> **SOURCE DATA**:
----------------

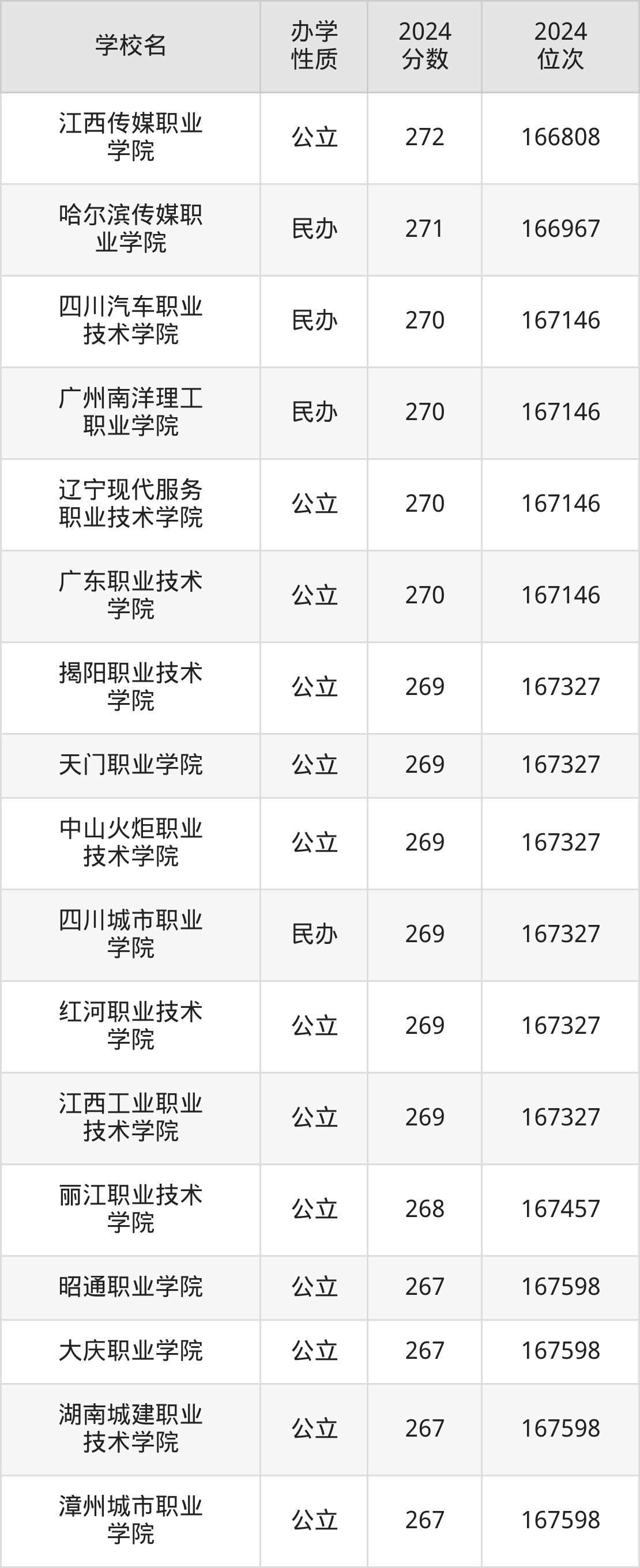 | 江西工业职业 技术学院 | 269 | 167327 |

----------------

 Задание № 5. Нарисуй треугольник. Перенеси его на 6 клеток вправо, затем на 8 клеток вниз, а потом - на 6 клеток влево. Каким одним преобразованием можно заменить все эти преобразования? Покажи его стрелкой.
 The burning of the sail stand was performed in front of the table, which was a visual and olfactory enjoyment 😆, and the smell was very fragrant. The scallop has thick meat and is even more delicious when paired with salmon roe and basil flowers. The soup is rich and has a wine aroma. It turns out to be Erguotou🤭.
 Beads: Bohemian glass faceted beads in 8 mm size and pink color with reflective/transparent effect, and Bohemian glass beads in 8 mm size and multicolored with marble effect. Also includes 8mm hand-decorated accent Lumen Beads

----------------

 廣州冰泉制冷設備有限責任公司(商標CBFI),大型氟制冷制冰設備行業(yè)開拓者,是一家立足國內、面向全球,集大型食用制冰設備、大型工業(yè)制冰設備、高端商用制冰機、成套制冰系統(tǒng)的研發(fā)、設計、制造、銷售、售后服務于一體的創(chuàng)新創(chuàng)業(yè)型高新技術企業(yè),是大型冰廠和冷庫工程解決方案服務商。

----------------

> **PROBLEM STATEMENT**:
Each line in the listing above from the one containing "The burning of" through the one containing "Beads: Bohemian glass" should be repeated exactly, and no other line.

> **OUTPUT FOR THIS EXERCISE**:
 The burning of the sail stand was performed in front of the table, which was a visual and olfactory enjoyment 😆, and the smell was very fragrant. The scallop has thick meat and is even more delicious when paired with salmon roe and basil flowers. The soup is rich and has a wine aroma. It turns out to be Erguotou🤭.
 Beads: Bohemian glass faceted beads in 8 mm size and pink color with reflective/transparent effect, and Bohemian glass beads in 8 mm size and multicolored with marble effect. Also includes 8mm hand-decorated accent Lumen Beads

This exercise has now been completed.